Work task —
Beginning with the first line, retype exactly the records below up to and including the line with "Почтовая марка 40"; pictures do not belong in the copy.

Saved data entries
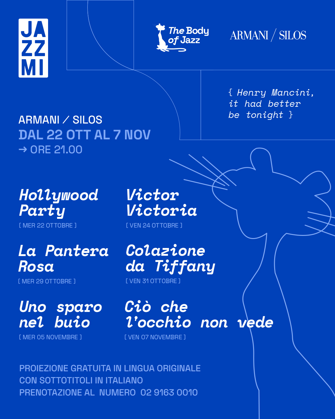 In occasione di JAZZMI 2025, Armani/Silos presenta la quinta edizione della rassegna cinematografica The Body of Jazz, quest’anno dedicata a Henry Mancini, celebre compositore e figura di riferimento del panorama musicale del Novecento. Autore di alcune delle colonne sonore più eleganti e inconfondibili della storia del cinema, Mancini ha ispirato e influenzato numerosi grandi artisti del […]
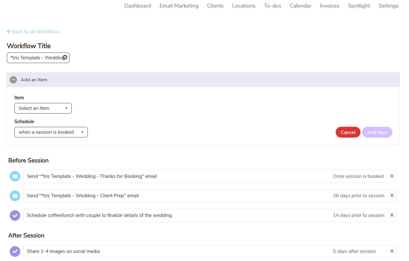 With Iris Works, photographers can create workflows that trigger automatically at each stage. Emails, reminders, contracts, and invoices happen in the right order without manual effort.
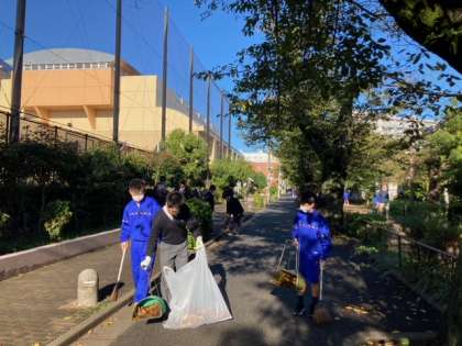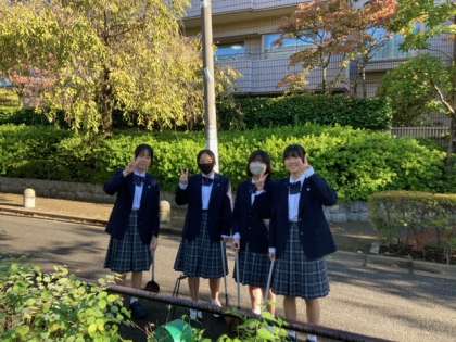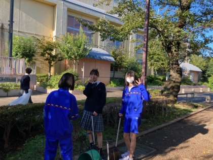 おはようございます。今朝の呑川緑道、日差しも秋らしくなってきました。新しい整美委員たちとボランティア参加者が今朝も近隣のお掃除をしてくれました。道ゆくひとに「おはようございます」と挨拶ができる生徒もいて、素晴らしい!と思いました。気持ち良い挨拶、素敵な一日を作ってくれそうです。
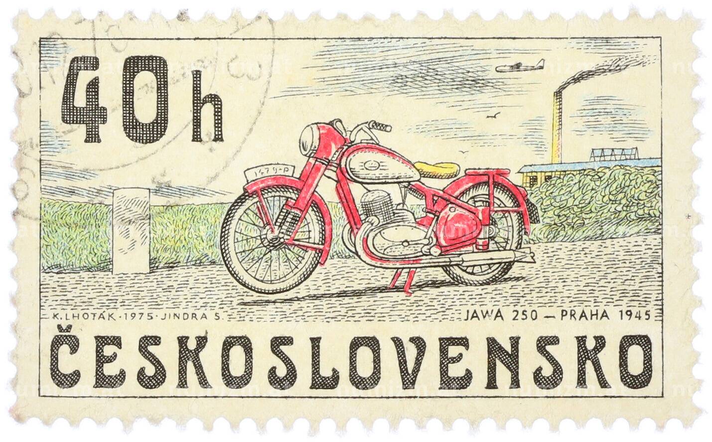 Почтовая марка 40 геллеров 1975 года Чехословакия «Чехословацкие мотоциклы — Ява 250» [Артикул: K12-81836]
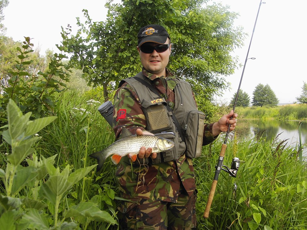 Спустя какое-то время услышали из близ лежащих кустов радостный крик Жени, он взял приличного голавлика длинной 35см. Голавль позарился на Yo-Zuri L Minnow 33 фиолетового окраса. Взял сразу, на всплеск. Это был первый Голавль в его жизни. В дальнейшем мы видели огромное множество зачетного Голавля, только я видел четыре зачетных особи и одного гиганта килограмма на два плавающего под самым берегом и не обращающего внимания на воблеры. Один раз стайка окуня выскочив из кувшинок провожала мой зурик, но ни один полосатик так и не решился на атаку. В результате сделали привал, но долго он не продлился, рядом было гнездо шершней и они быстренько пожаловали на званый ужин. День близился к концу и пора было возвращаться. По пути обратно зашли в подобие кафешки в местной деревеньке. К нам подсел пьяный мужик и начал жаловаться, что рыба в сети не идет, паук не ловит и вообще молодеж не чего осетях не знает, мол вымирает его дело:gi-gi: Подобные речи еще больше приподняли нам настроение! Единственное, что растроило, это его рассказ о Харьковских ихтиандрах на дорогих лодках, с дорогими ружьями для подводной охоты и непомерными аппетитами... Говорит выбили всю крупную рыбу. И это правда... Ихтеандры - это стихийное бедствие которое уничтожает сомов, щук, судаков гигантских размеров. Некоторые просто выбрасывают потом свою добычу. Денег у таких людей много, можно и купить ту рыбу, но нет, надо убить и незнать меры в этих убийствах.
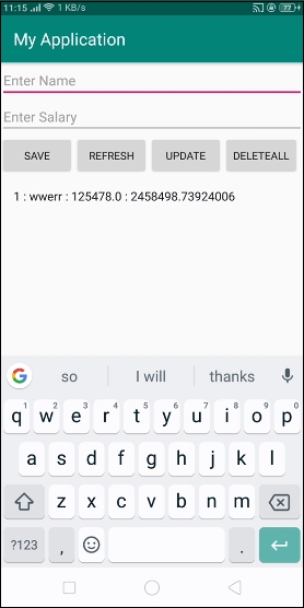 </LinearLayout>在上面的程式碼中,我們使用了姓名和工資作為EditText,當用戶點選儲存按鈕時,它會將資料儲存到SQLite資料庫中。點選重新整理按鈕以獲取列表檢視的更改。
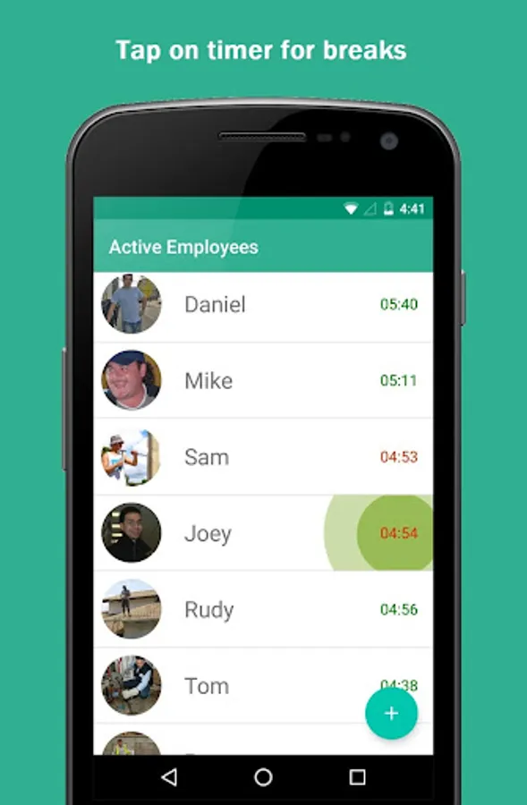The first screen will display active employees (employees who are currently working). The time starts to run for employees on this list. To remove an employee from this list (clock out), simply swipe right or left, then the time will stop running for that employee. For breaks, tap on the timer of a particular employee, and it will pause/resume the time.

Task response —
 In occasione di JAZZMI 2025, Armani/Silos presenta la quinta edizione della rassegna cinematografica The Body of Jazz, quest’anno dedicata a Henry Mancini, celebre compositore e figura di riferimento del panorama musicale del Novecento. Autore di alcune delle colonne sonore più eleganti e inconfondibili della storia del cinema, Mancini ha ispirato e influenzato numerosi grandi artisti del […]
 With Iris Works, photographers can create workflows that trigger automatically at each stage. Emails, reminders, contracts, and invoices happen in the right order without manual effort.
 おはようございます。今朝の呑川緑道、日差しも秋らしくなってきました。新しい整美委員たちとボランティア参加者が今朝も近隣のお掃除をしてくれました。道ゆくひとに「おはようございます」と挨拶ができる生徒もいて、素晴らしい!と思いました。気持ち良い挨拶、素敵な一日を作ってくれそうです。
 Почтовая марка 40 геллеров 1975 года Чехословакия «Чехословацкие мотоциклы — Ява 250» [Артикул: K12-81836]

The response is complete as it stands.